Djangocon EU: digitising historical caving data with Python and Django - Andrew Northall¶
(One of my summaries of the 2026 Djangocon EU in Athens).
Andrew’s hobby is caving: exploring wild cave systems. It is a niche hobby, but he likes it a lot. One of the nicest thinks is that you can be the first human being standing in a specific spot on earth.

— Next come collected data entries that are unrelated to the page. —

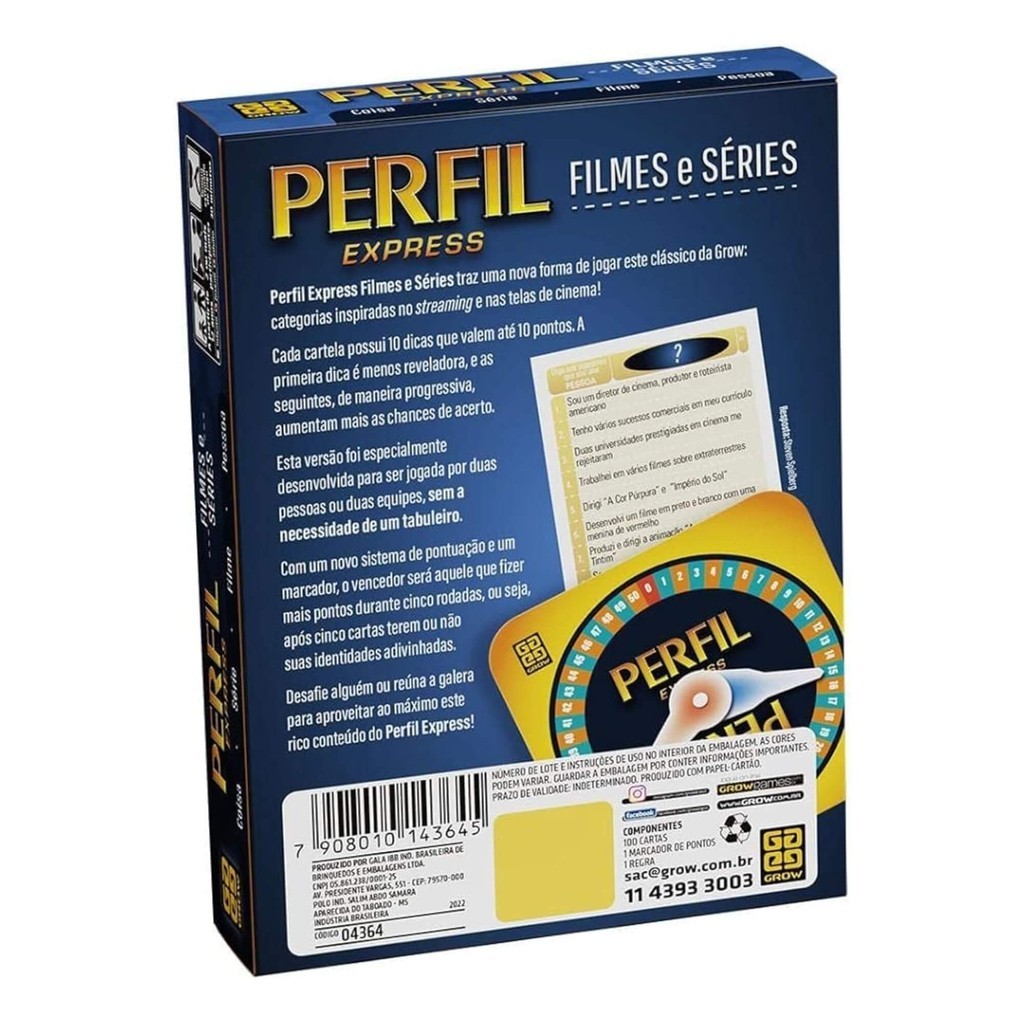 Perfil Express Filmes e Séries traz uma nova forma de jogar este clássico da Grow: categorias inspiradas no streaming e nas telas de cinema! O Jogo vem com 100 cartas tematizadas com filmes e séries, cada carta possui 10 dicas que valem até 10 pontos. A primeira dica é menos reveladora, e as seguintes, de maneira progressiva, aumentam mais as chances de acerto. Esta versão foi especialmente desenvolvida para ser jogada por duas pessoas ou duas equipes, sem a necessidade de um tabuleiro. Com um novo sistema de pontuação em um marcador, o vencedor será aquele que fizer mais pontos durante cinco rodadas, ou seja, após cinco cartas terem ou não suas identidades adivinhadas. Desafie alguém ou reúna o pessoal para aproveitar o máximo este rico conteúdo do Perfil Express! - Caixa pequena versão pocket, carregue seu Perfil Express para onde quiser!! - Tamanho da caixa (medidas aproximadas): 11,4 x 16 x 3,6 cm - 100 cartas tematizadas Filmes e Séries com 10 dicas cada - Faixa Etária : A partir de 12 anos - Participantes: 2 ou mais - Outras Informações: Não recomendável para menores de 3 anos por conter partes pequenas Características: - Marca: Grow - Modelo: 04364 *Imagens Meramente Ilustrativas* Conteúdo da Embalagem: - Contém 100 cartas, 1 marcador de pontos e 1 regra jogo perfil express - jogo de cartas perfil express - jogo perfil express filmes e series - jogo de perguntas e respostas - jogo de perguntas e respostas filmes e series - jogo de perguntas da grow
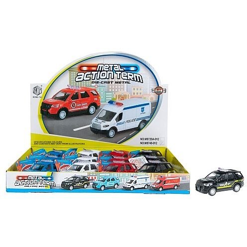 Zalety produktu: metalowy samochód, samochód posiada funkcję pull back, dzięki czemu po naciągnięciu kół pojazd kontynuuję jazdę samodzielnie, samochód występuje w czterech wersjach kolorystycznych: niebieski, biały, czerwony lub czarny. Metalowe modele samochodów chyba nigdy się nie znudzą. Tym bardziej nie znudzą się metalowe Auta Ratunkowe MEGA CREATIVE! Zawartość zestawu: samochód ratunkowy. Wymiary/waga/baterie: wymiary produktu (dł. x wys. x gł.) [cm]: 10x4x4,wymiary opakowania display (dł. x wys. x gł.) [cm]: 32x5x30 ,waga produktu bez opakowania [kg]: 0,06 kg, waga produktu w opakowaniu display [kg]: 0,94 kg. Zabawka przeznaczona dla dzieci w wieku: 3+. Pakowane w display po 12 szt.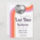 Letzte Disco Junggeselinnen-Abschied Tour und laden Vorlage. Benutzerdefiniertes, personalisiertes, bearbeitbares Download, Retro Groovy Disco Erwachsenen Party zwei Seiten Einladung mit Party Veranstaltungen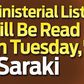 Ministerial list will be read on Tuesday, October 6
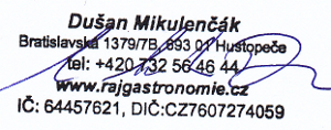 10.6. Kontaktní údaje prodávajícího: adresa pro doručování Bratislavská 1379/7B, 693 01 Hustopeče, Česká republika, adresa elektronické pošty info@rajgastronomie.cz, telefon +420 732 56 46 44.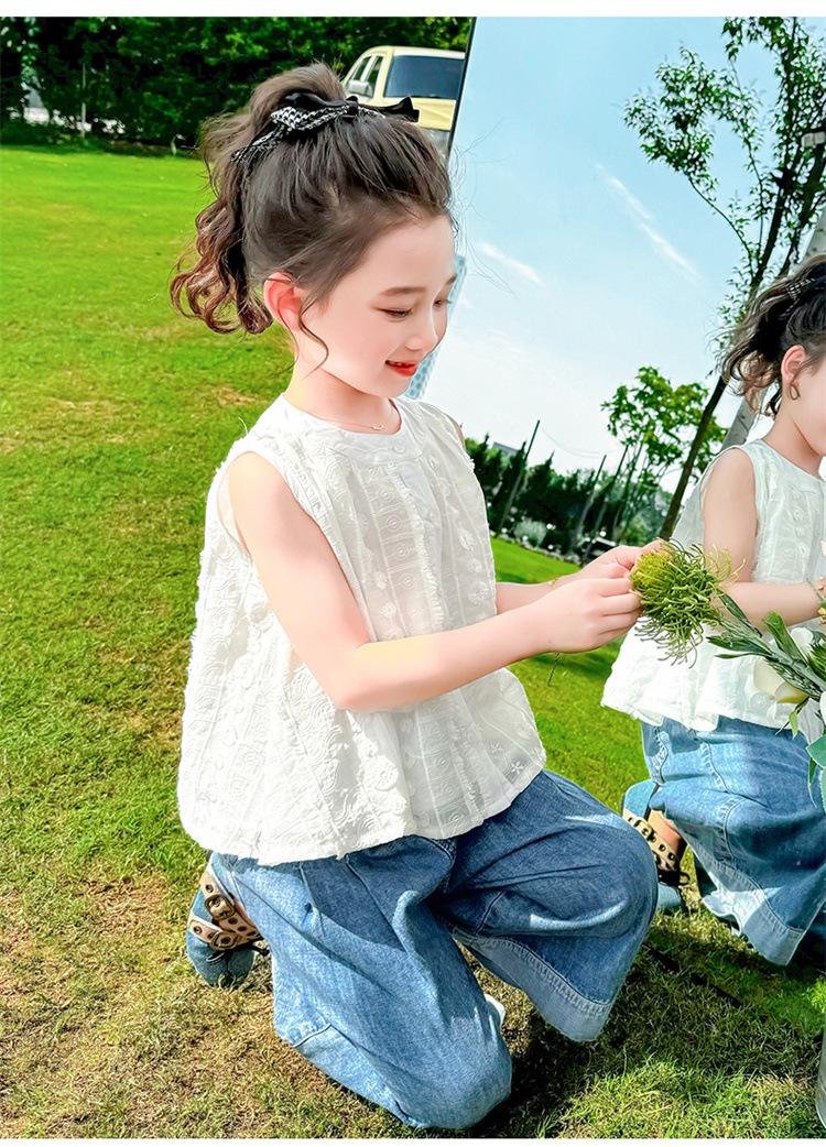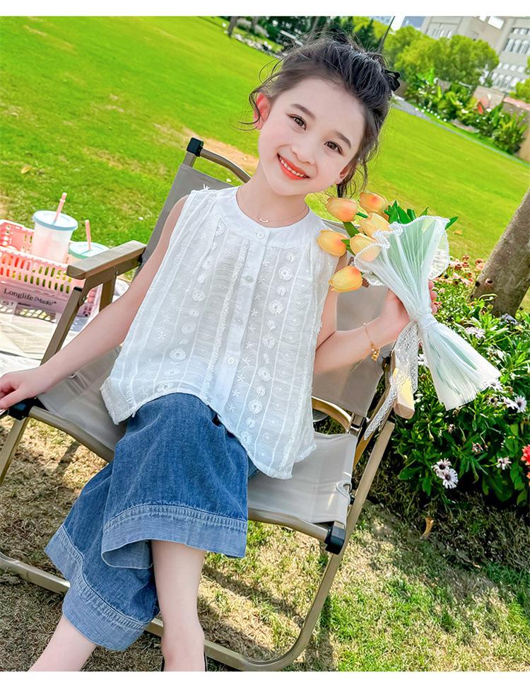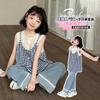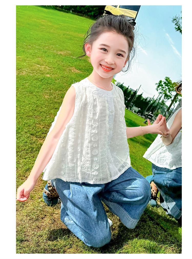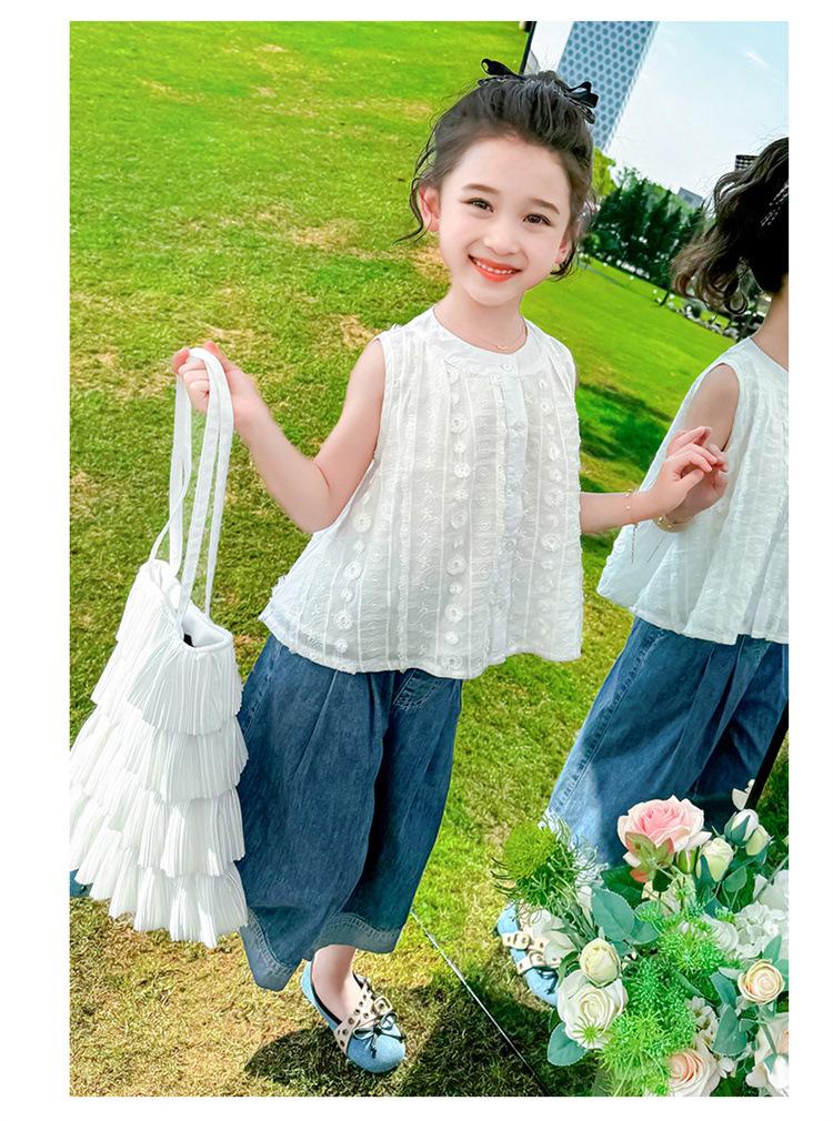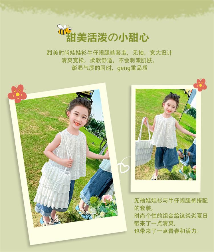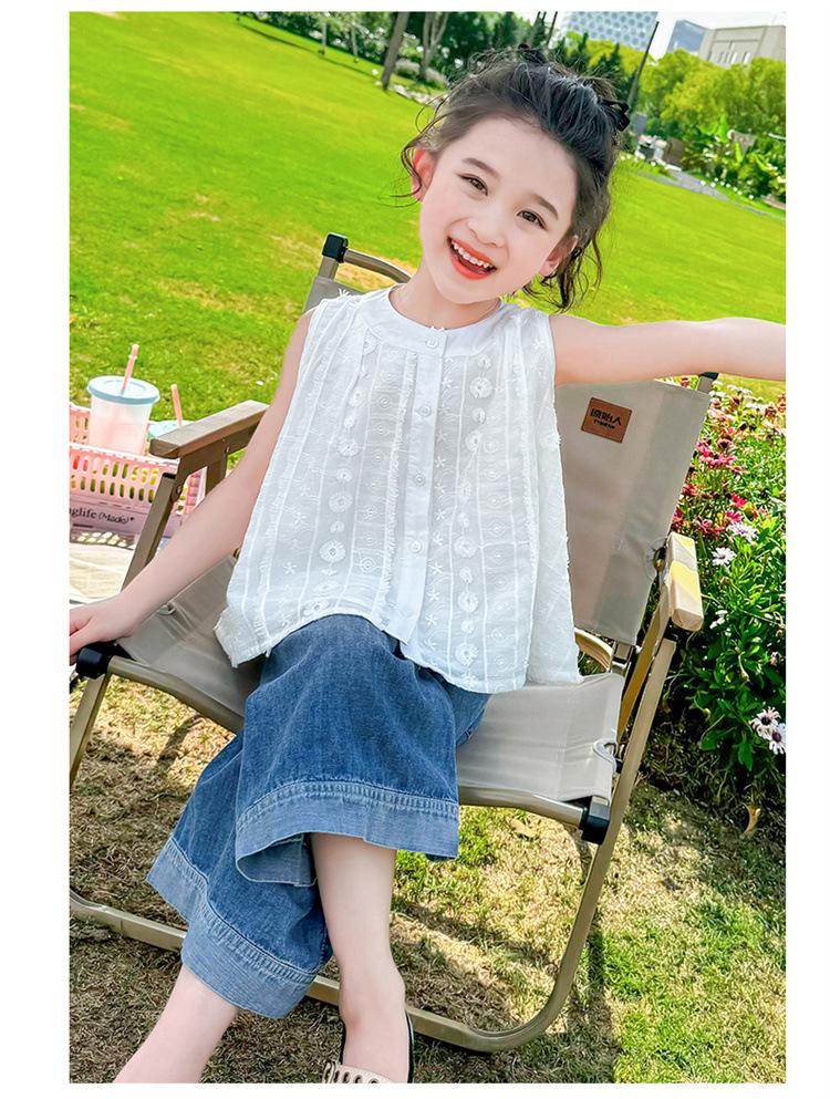 Traje de Mezclilla Jacquard sin Mangas de Pierna Ancha para Niñas 2025 Verano Nueva Moda Conjunto Elegante de Dos Piezas para Niña

Cavers achieve high standards, without formal organisation. Sounds like Django :-) With Django, we have exposure and visibility and bug trackers: we’re transparent. So our high standards are verifiable. Would the same be possible for caving? The safety record is real good, but the public image is bad. Can the safety record be made more visible?
There’s an (American) organisation that has historical incident reports. But… mostly in printed text. Image recognition was hard. And something like “fall 1985” isn’t really a Postgres data format. Several volunteers put a lot of work in it by manually entering incidents in a Django website that Andrew build. It was slow going.
Nowadays they have an LLM pipeline for it that is actually really good. Extraction: docling. Splitting into separate incidents: LLM. Formatting/structuring/checking: LLM. Normalisation: mostly with the help of Django.
Docling (https://github.com/docling-project/docling) is a great project for extracting usable text data out of various sources. Including detecting paragraphs that start on one page and end on the next.
Normalisation was a problem. Locations are stored as a tree structure using Django Treebeard. You get several precision levels. If you know the town, reference that. If you only know the state, do that. Handy with data that’s not always that precise. The strange or seasonal incomplete dates (“spring 1972”) are handled with a custom Django model field that can handle it.
He generated the frontend with claude. He was surprised that, on a page that shows a single incident, claude added a section for the AI summary of the incident…
Nice: the dataset is already being used for actual research on how to reduce incidents.
A note about the volunteer work that went into the original manual work: that was used as testcases and for verification for the LLM work.
Unrelated photo explanation: a trip in November to the Mosel+Eifel region in Germany. Disused railway station of Gillenfeld on the former Daun-Wittlich line.